Without changing a character, return the entries, but not the images they hold.

────────────────────

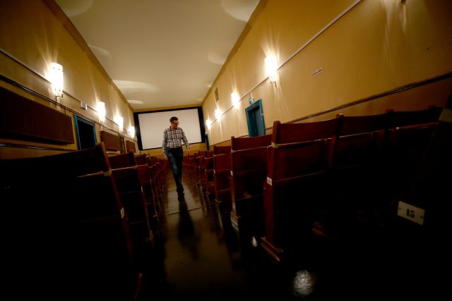 Projectionist Wolfgang makes a final inspection walk at closing time of Breitenseer Lichtspiele cinema in Vienna, Austria, October 11, 2018. REUTERS/Lisi Niesner
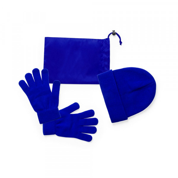 Winter-Set aus einer weichem und warmem Polyester/Acryl-Kombination in kräftigen Farben. Enthält ein Paar Handschuhe und eine Mütze in passender Farbe. Präsentiert in einer farblich passenden Polyesterhülle mit Kordelzug und Stopper.
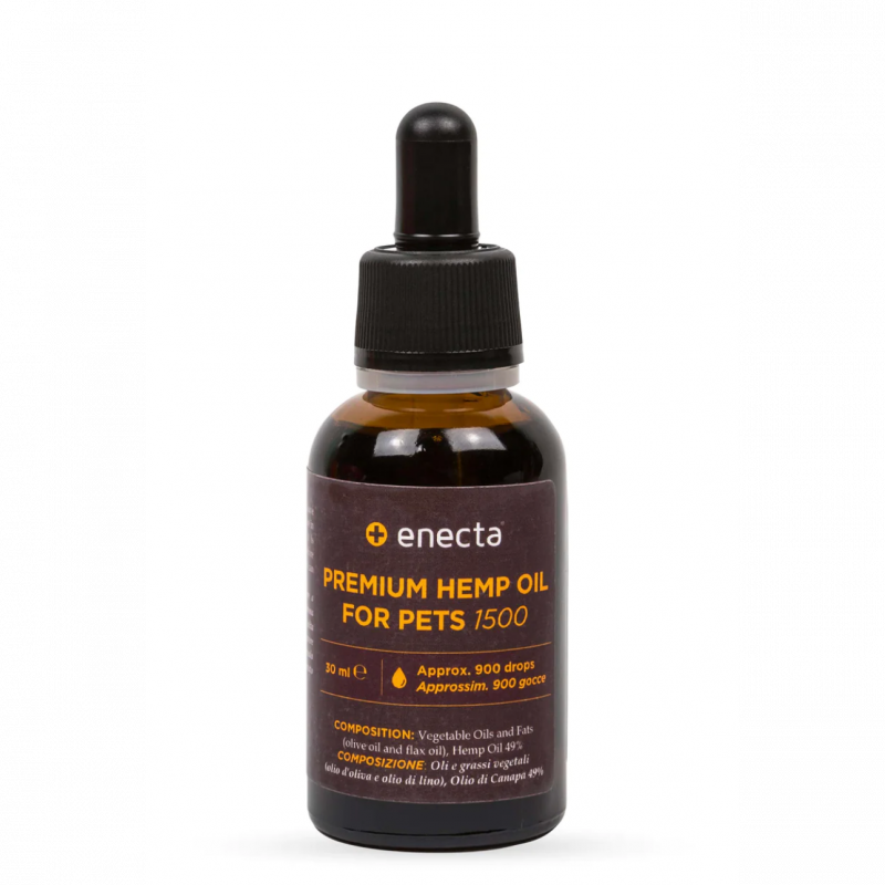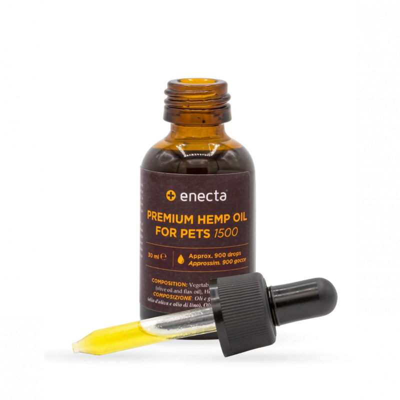 The Premium Hemp oil for pets Enecta, is produced from a type of Cannabis Sativa L. plant, rich in Phytocannabinoids, and with a THC percentage close to zero (equal or less than 0.2%, as per CE legislation n. 1782/2003) It’s a certificated Cannabis type and it’s cultivated in Italy on selected fields, chosen as per Guidelines on Good Agricultural and Collection Practice (GACP), without pesticides or herbicides, maintaining the highest standards of safety and quality.
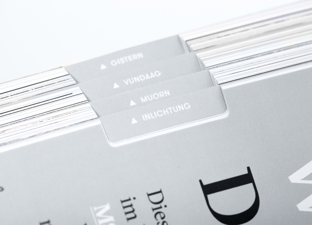 Gestalterisch hebt sich das vollständig in Graustufen gehaltene Heft vom Rest des Lageberichtes ab. So sind etwa die Fotos, die thematisch mit dem Inhalt der jeweiligen Seite verknüpft sind, im Studio entstanden.
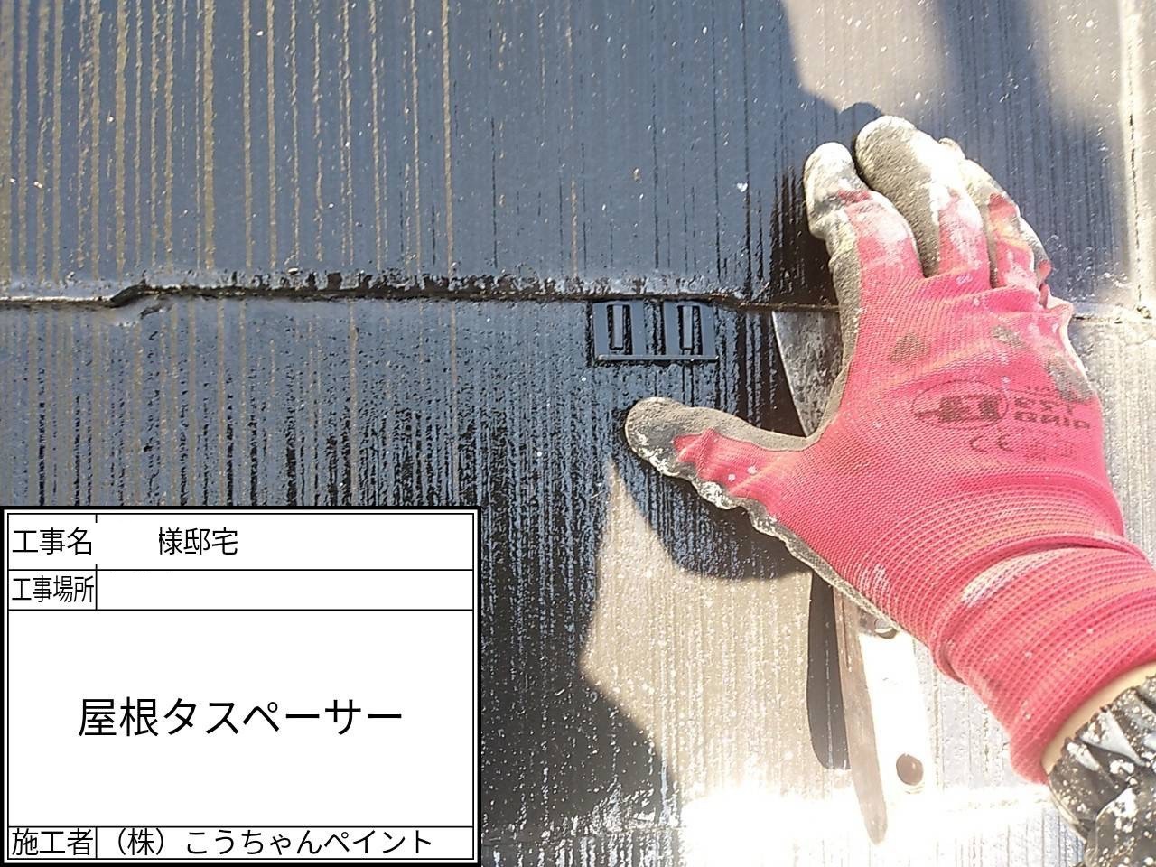 こちらの屋根は塗装のご提案をいたしました。「こうちゃんペイント」では雨水や水分を逃がすための隙間を作るタスペーサーを必ず取り付け塗装していきます。この工程を縁切りとも言います。スレート屋根は通気性のためにスレートが重なる部分に隙間を開ける必要があります。隙間がないと表面張力が働き水分が微細な隙間をつたって入り込んでしまう毛細管現象が起こり雨漏りにもつながる恐れがあるからです。(毛細管現象を防ぐため➤分かりやすい説明が日本防水協会で掲載されています。)

────────────────────

- **Output**
 Projectionist Wolfgang makes a final inspection walk at closing time of Breitenseer Lichtspiele cinema in Vienna, Austria, October 11, 2018. REUTERS/Lisi Niesner
 Winter-Set aus einer weichem und warmem Polyester/Acryl-Kombination in kräftigen Farben. Enthält ein Paar Handschuhe und eine Mütze in passender Farbe. Präsentiert in einer farblich passenden Polyesterhülle mit Kordelzug und Stopper.
 The Premium Hemp oil for pets Enecta, is produced from a type of Cannabis Sativa L. plant, rich in Phytocannabinoids, and with a THC percentage close to zero (equal or less than 0.2%, as per CE legislation n. 1782/2003) It’s a certificated Cannabis type and it’s cultivated in Italy on selected fields, chosen as per Guidelines on Good Agricultural and Collection Practice (GACP), without pesticides or herbicides, maintaining the highest standards of safety and quality.
 Gestalterisch hebt sich das vollständig in Graustufen gehaltene Heft vom Rest des Lageberichtes ab. So sind etwa die Fotos, die thematisch mit dem Inhalt der jeweiligen Seite verknüpft sind, im Studio entstanden.
 こちらの屋根は塗装のご提案をいたしました。「こうちゃんペイント」では雨水や水分を逃がすための隙間を作るタスペーサーを必ず取り付け塗装していきます。この工程を縁切りとも言います。スレート屋根は通気性のためにスレートが重なる部分に隙間を開ける必要があります。隙間がないと表面張力が働き水分が微細な隙間をつたって入り込んでしまう毛細管現象が起こり雨漏りにもつながる恐れがあるからです。(毛細管現象を防ぐため➤分かりやすい説明が日本防水協会で掲載されています。)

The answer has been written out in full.